Defining a long-term goal for climate change policy remains a critical international challenge. Article 2 of the UN Framework Convention on Climate Change defines the long-term objective of that agreement as stabilization of greenhouse gas concentrations at a level that avoids “dangerous anthropogenic interference” with the climate system. “Dangerous interference” can be viewed from a variety of perspectives, and the choice will ultimately involve a mixture of scientific, economic, political, ethical, and cultural considerations, among others (1). In addition, the links among emissions, greenhouse gas concentrations, climate change, and impacts are uncertain. Furthermore, what might be considered dangerous could change over time.
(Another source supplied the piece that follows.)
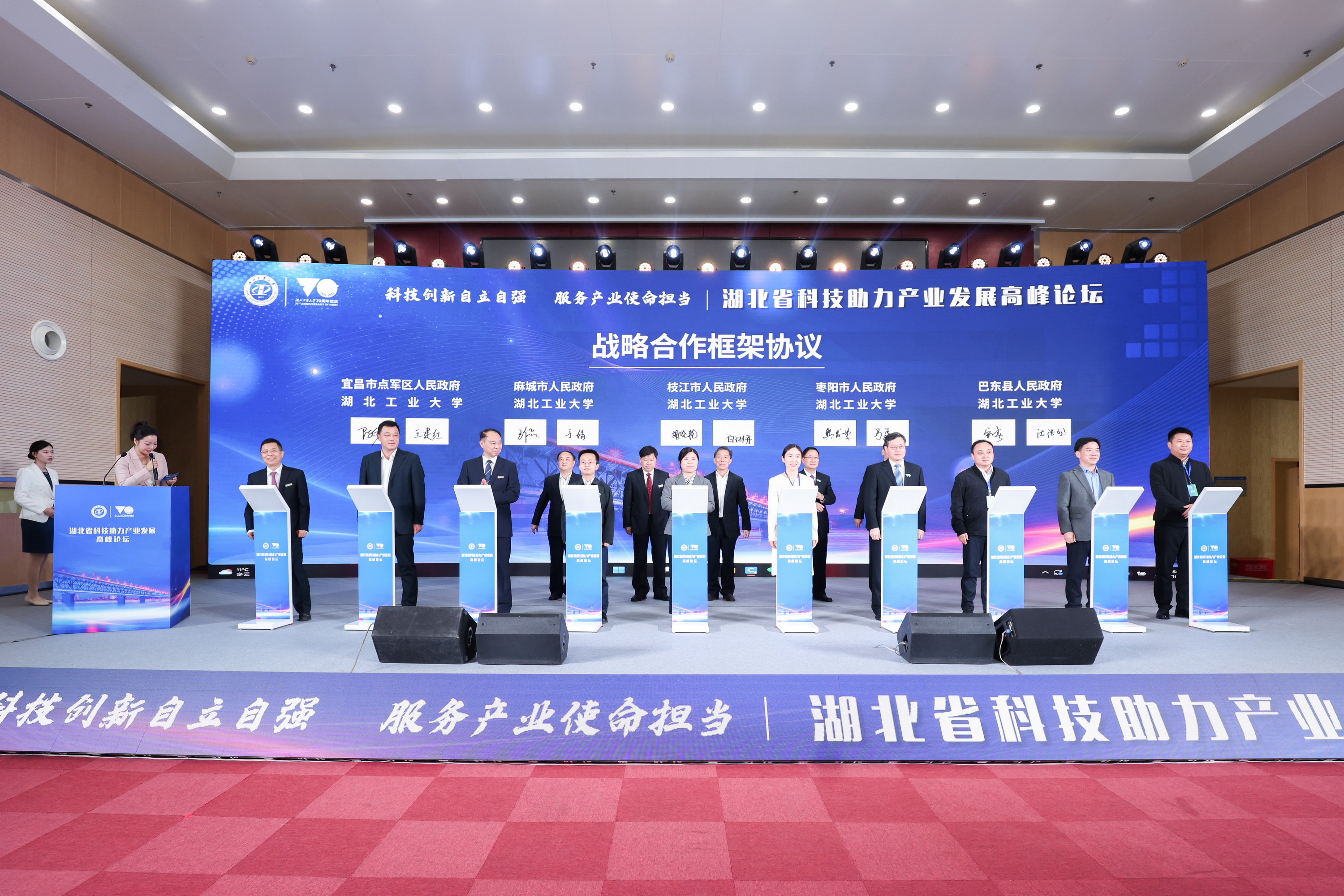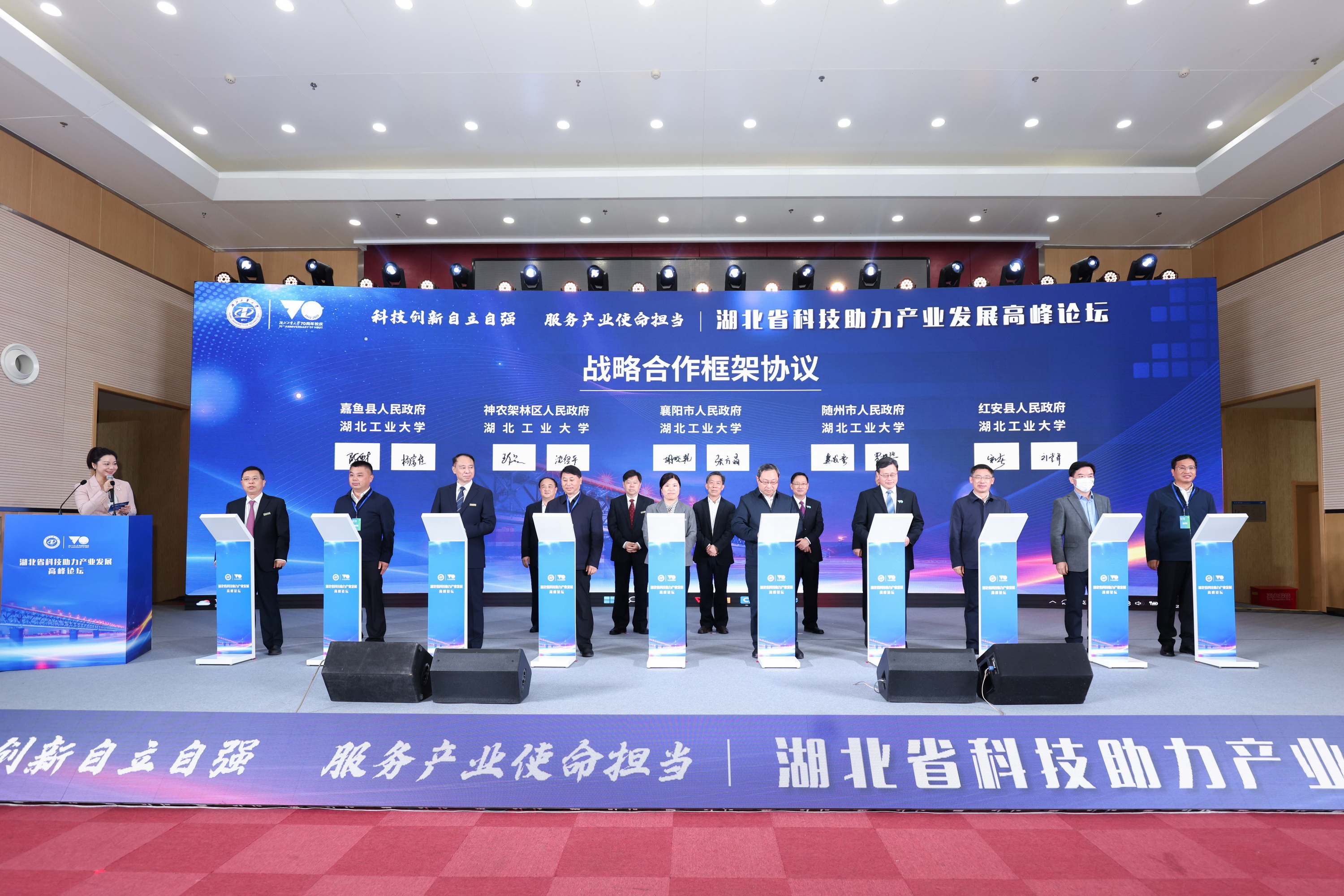 论坛上,学校共与10个地市签订框架协议,与15家代表性企业签订了技术合同。来自襄阳、黄石、随州、神农架、枝江、枣阳、麻城、红安、嘉鱼、巴东、宜昌市点军区等地的政府代表,以及武重、中建三局、中铁科工、国网湖北电力、安琪酵母、良品铺子、共同药业等企业负责人分5轮走上主席台,与湖北工业大学成功签约。

However, both proponents and detractors of the Kyoto Protocol, which was designed as an initial step to implement the Framework Convention, have begun to demand a definition of long-term objectives. For example, on 11 June 2001, U.S. President George W. Bush stated that the emissions targets embodied in the Kyoto Protocol “were arbitrary and not based upon science” and “no one can say with any certainty what constitutes a dangerous level of warming, and therefore what level must be avoided.”

Here, we propose several plausible interpretations of dangerous interference in terms of particular environmental outcomes (2) and examine the consistency between the Kyoto Protocol and emissions changes over time that would avoid these outcomes. Although the emissions limits required by the Kyoto Protocol would reduce warming only marginally (3), we show that the accord provides a first step that may be necessary for avoiding dangerous interference.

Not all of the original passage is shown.